Thursday, November 23, 2006

For Your Consideration

Be warned - The only way I can really talk about this movie is by revealing pretty much everything it has to offer in terms of plot structure, from the basic premise down to all the things that happen to the characters at the end. If you would rather not know what happens, you should skip the ninth paragraph.

This is the latest film from Christoper Guest and his troupe of talented comedic actors and actresses (Waiting For Guffman, Best In Show, A Mighty Wind), which finds Guest playing the director of a movie that gets a brief whiff of Oscar buzz for one of its principals (Catherine O’Hara), a whiff of Oscar buzz that quickly steamrolls through the actors, the publicist, and one of the other actor’s agents, but never seems to affect the director or the producer (a wonderfully ditzy Jennifer Coolidge).

There comes a point in the making of the troupe’s movie, Home For Purim, when a pair of studio execs shows up on set and wants the writers to make some tweaks to the picture so that it will appeal to a broader audience. Specifically, they want the writers to tone down what they call the “Jewish-NESS” of the movie - which tells the story of a Jewish family that comes home for one last Purim celebration with their dying mother.

At this point, the film (For Your Consideration, not Home For Purim) comes off the rails completely. I suspect that it is possible that Christopher Guest (and co-writer Eugene Levy) might have done this intentionally, to illustrate the devastating effect studio executives can have when they try to dabble in the creative end of making movies.

Possible...but not terribly likely. If that was Guest’s and Levy’s intent, then they are brave souls for trying to make that kind of point - and it might even have been a commendable effort...if the movie had been funny. But it’s not.

If that was not their intent, then For Your Consideration is just astronomically bad. Catastrophically and irretrievably awful. A tedious exercise in forced laughs and wooden direction that is just embarrassing. For someone who so perfectly skewered small town theatre, dog shows, and the bygone era of folk music, Guest with this film seems simply to set up one aspect of filmmaking in Hollywood, take aim, and fire. Bang. Then another aspect, aim, and fire. And in a really robotic way.

As the last two segments of the film unfolded, which I describe below, I kept thinking to myself that it was some kind of dream sequence, that I was watching the dreams (or perhaps nightmares) of one or multiple members of the Home For Purim cast. Indeed, as the scenes went on, I kept thinking that it had to go back and pick up where it had left off with the studio executives pitching their tweaks to the writers. It just had to.

But it didn’t. If it had, the movie could perhaps have been salvaged. Up until the arrival of the studio execs, it had that absurdly likable quality that each of the three previous films had. Here, then, is the balance of the film, almost all of which I honestly beileved, for probably twenty minutes as it unfolded, had to be the stuff of truly haunted dreams.

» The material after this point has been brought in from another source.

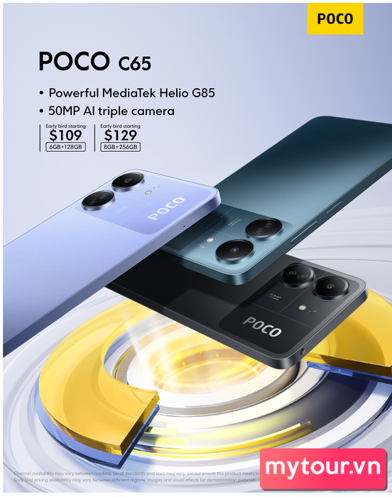 Theo xác nhận từ POCO, POCO C65 sẽ chính thức ra mắt vào ngày 5/11. Giá bán của chiếc điện thoại sẽ bắt đầu từ 109 USD cho bản RAM 6GB + bộ nhớ trong 128GB, trong khi phiên bản RAM 8GB + bộ nhớ trong 256GB có giá là 129 USD. Đáng tiếc, toàn bộ thông tin này đã được POCO tiết lộ trên mạng xã hội.

At the end of the scene in which the studio executives bring their idea of tweaking the ethnicity of the picture to the writers, Guest fades to black. In the next scene, the title of the other movie has been changed from Home For Purim to Home For Thanksgiving. The Oscar buzz is in high gear, and the three actors whose names have been associated with the buzz are making the rounds on those celebrity tabloid shows - the ones you see on network television between the 6:30 world news and the start of prime time. After the wrap party for Home For Thanksgiving, there is another fade to black. The movie then plods mirthlessly to its abrupt conclusion by revealing the Oscar nominations (no one from Home For Thanksgiving has been nominated for anything - except perhaps for the only one of the main players who had not previously gotten any buzz, although the scene is somewhat ambiguous and is left unresolved), and then showing what happens to the actors once the air has gone out of their sails and their movie has tanked.

If there are any positives to be drawn from this mess they are these: First, Fred Willard, playing one of those celebrity tabloid hosts, almost steals the show (as he did in Best In Show, which I think is the best of this troupe’s four pictures). His casual delivery and expert sense of timing do bring the occasional laugh, but you can tell by the look in his eyes that he has some sense of how Herculean (or perhaps Sisyphean) is his task. Second, the movie is mercifully short, clocking in at around ninety minutes or so. Had it been much longer, it surely would have been one of those movies where you’re looking at your watch and wondering when it’s just going to end, already.

I may have gone into this movie with overly-inflated expectations, having thoroughly enjoyed the first three films. Going into any movie with your expectations too high can have devastating results on your opinion of the movie once you get to the end (The Da Vinci Code, The King, and Down In The Valley are examples from movies I have seen lately). At the bottom, though, I don’t really believe my expectations were too high - the buzz around this film was never as big as the buzz around, nor was the trailer as funny as the one for, A Mighty Wind. Even after giving serious thought to what Guest and Levy might have been saying by delivering a malicious stab (instead of this troupe's usual playful skewer), I think the final answer is that this movie just sucks.